[PROBLEM REQUIREMENTS]
The lines to copy run from the one containing "Liikennemerkki, joka osoittaa" to the very end of the records; give them exactly, and only them, without pictures.

[SOURCE DATA]

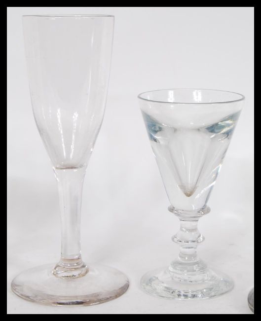 A group of six 18th / 19th Century Georgian glasses to include a pair raised on circular foot with bladed knop and tapered bowl, large rummer example raised on large folded base with bell bowl, etc. Measures 18cm high.
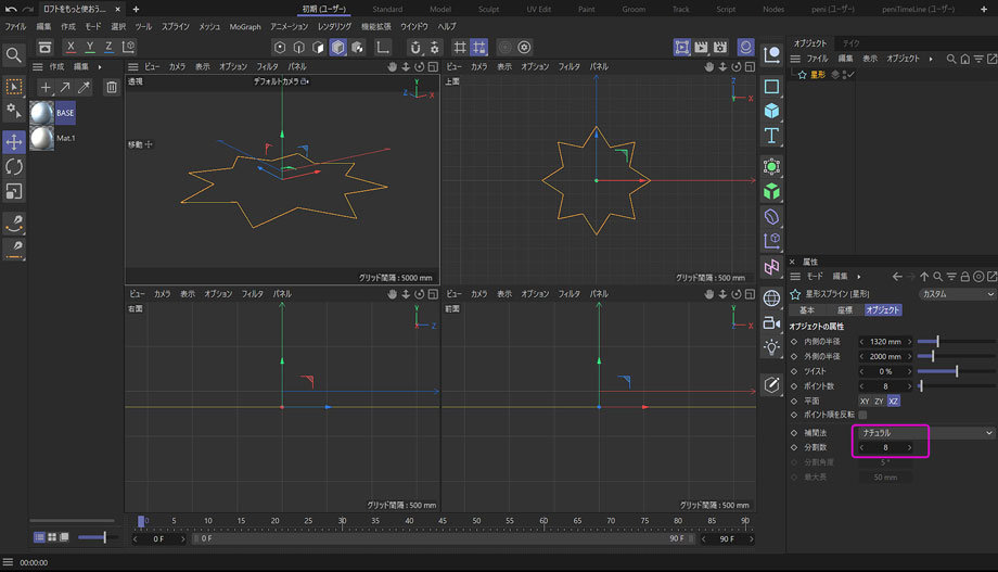 【平面】は『XZ』【補間法】を『ナチュラル』【分割数】を『8』ぐらいにします。スプラインで、より滑らかなオブジェクトを作るときは、【補間法】を『ナチュラル』【分割数】を『8』以上にしています。ただし『32』を超えると超重くなってきますのでほどほどに。
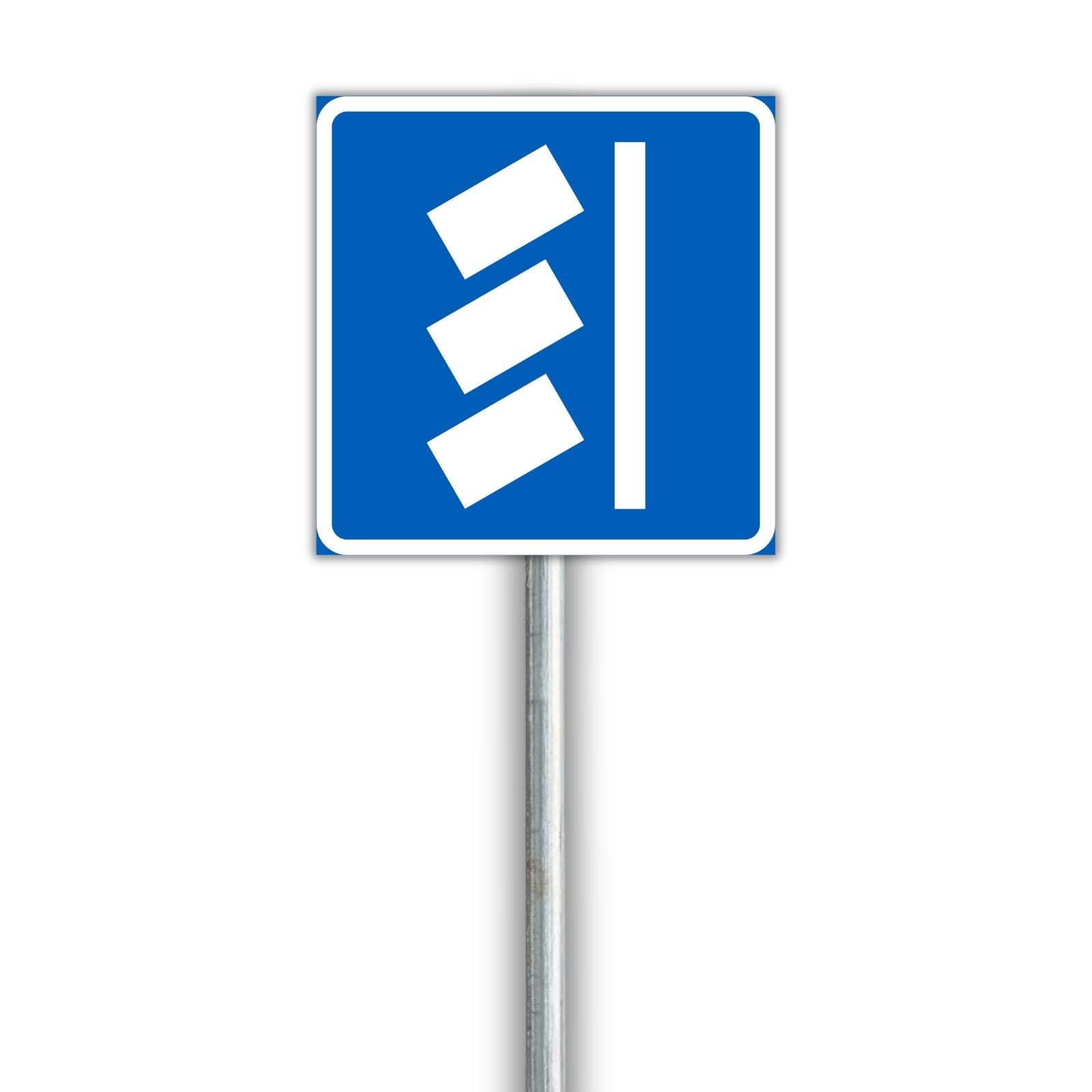 Liikennemerkki, joka osoittaa ajoneuvojen vinon sijoitustavan pysäköintialueella. Käytetään E2- ja E3-merkkien yhteydessä. Saatavilla vuokraukseen.
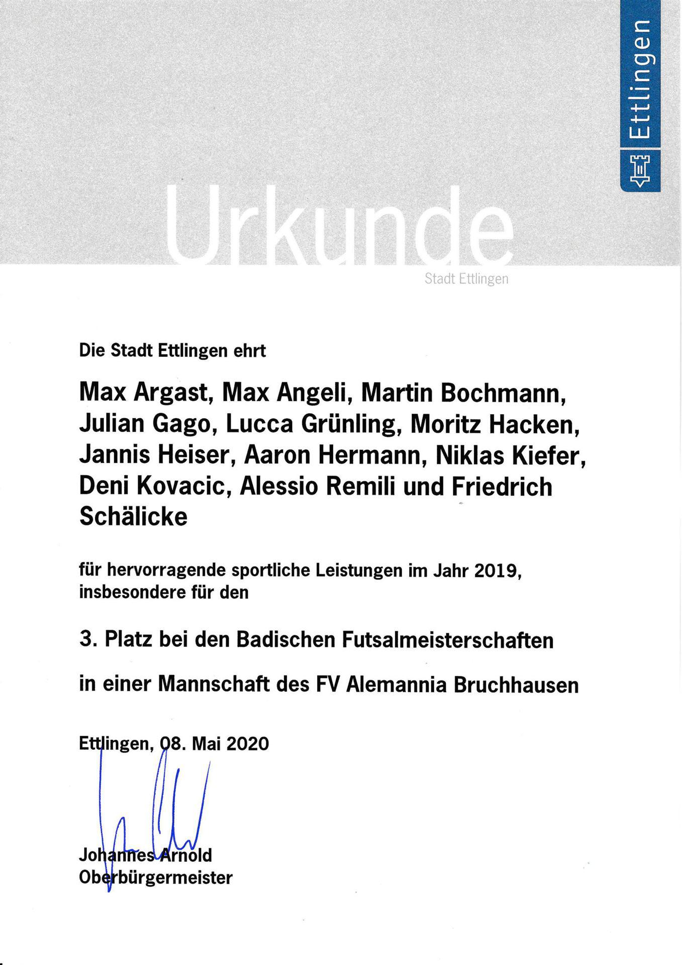 Diese Ehrung bezieht sich auf den 3. Platz bei den Badischen Futsalmeisterschaften der Saison 20018/19.
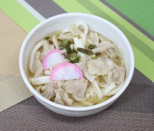 ⑤器にうどんを入れ、つゆを注ぎ、豚肉、たまねぎ、かまぼこ、青ねぎを盛り付けます。

[SOLUTION TO THE EXERCISE]
 Liikennemerkki, joka osoittaa ajoneuvojen vinon sijoitustavan pysäköintialueella. Käytetään E2- ja E3-merkkien yhteydessä. Saatavilla vuokraukseen.
 Diese Ehrung bezieht sich auf den 3. Platz bei den Badischen Futsalmeisterschaften der Saison 20018/19.
 ⑤器にうどんを入れ、つゆを注ぎ、豚肉、たまねぎ、かまぼこ、青ねぎを盛り付けます。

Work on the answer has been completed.